# [How to complete this task]
Output the data below exactly, without images.

# [Data]
------------------------------

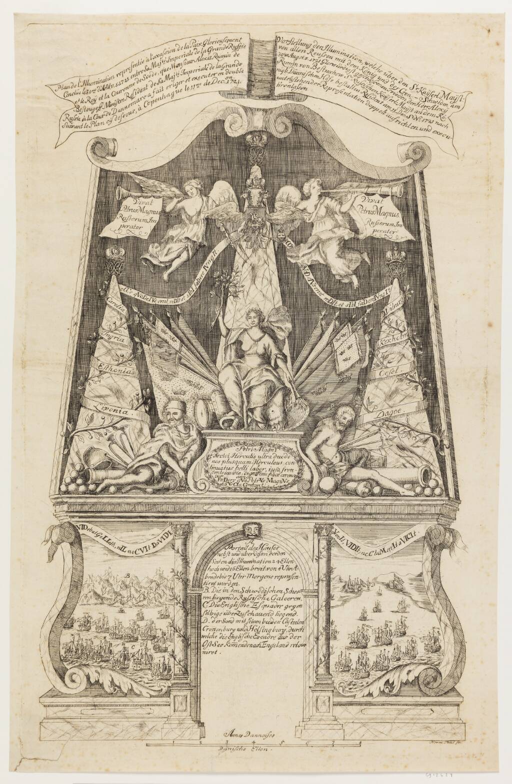 Title: Illuminationsforestilling, foranstaltet af den russiske gesandt i København i anledning af den russiske Kejsers og svenske Konges besøg i København d. 11. december 1721
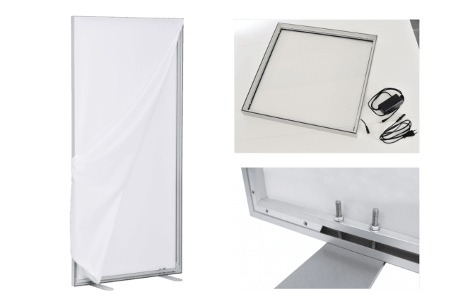 Exklusiva och snygga ramsystem är det perfekta sättet att rikta uppmärksamheten till ditt budskap. LED-belysningen täcker hela baksidan och ger en stark och jämn belysning. Tygvepan monterar eller skiftar man på egen hand utan minsta problem. LED Frames fungerar utmärkt till både högkvalitativa bilder och att förstärka kampanjer, både i skyltfönstret och i din butik. Ramens djup är 35 mm. på enkelsidig och 40 mm. i dubbelsidigt utförande och går att få i flera olika storlekar. Du kan hänga upp din LED Frame på väggen eller beställa fötter till ramen för placering på golvet. Ramen levereras tillsammans med ditt valfria tryck på tyg och med en strömkabel., transformator och stickkontakt.
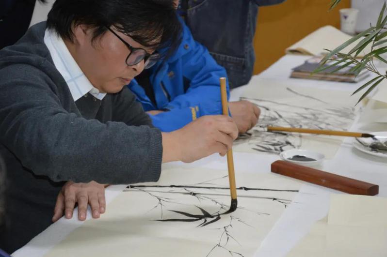 梅波老师首先在中心多媒体教室向大家讲解了我国历代画竹子的名家和名作,随后给大家演示墨竹画法,他概括为位置、立竿、点节、分枝、布叶和竹态等六个方面要点,并耐心指导大家临摹。
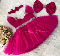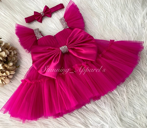 Sweetheart Neckline Hand Wirk Ruffled Sleeves Magenta Pink Dress

------------------------------

# [Expected answer]
 Title: Illuminationsforestilling, foranstaltet af den russiske gesandt i København i anledning af den russiske Kejsers og svenske Konges besøg i København d. 11. december 1721
 Exklusiva och snygga ramsystem är det perfekta sättet att rikta uppmärksamheten till ditt budskap. LED-belysningen täcker hela baksidan och ger en stark och jämn belysning. Tygvepan monterar eller skiftar man på egen hand utan minsta problem. LED Frames fungerar utmärkt till både högkvalitativa bilder och att förstärka kampanjer, både i skyltfönstret och i din butik. Ramens djup är 35 mm. på enkelsidig och 40 mm. i dubbelsidigt utförande och går att få i flera olika storlekar. Du kan hänga upp din LED Frame på väggen eller beställa fötter till ramen för placering på golvet. Ramen levereras tillsammans med ditt valfria tryck på tyg och med en strömkabel., transformator och stickkontakt.
 梅波老师首先在中心多媒体教室向大家讲解了我国历代画竹子的名家和名作,随后给大家演示墨竹画法,他概括为位置、立竿、点节、分枝、布叶和竹态等六个方面要点,并耐心指导大家临摹。
 Sweetheart Neckline Hand Wirk Ruffled Sleeves Magenta Pink Dress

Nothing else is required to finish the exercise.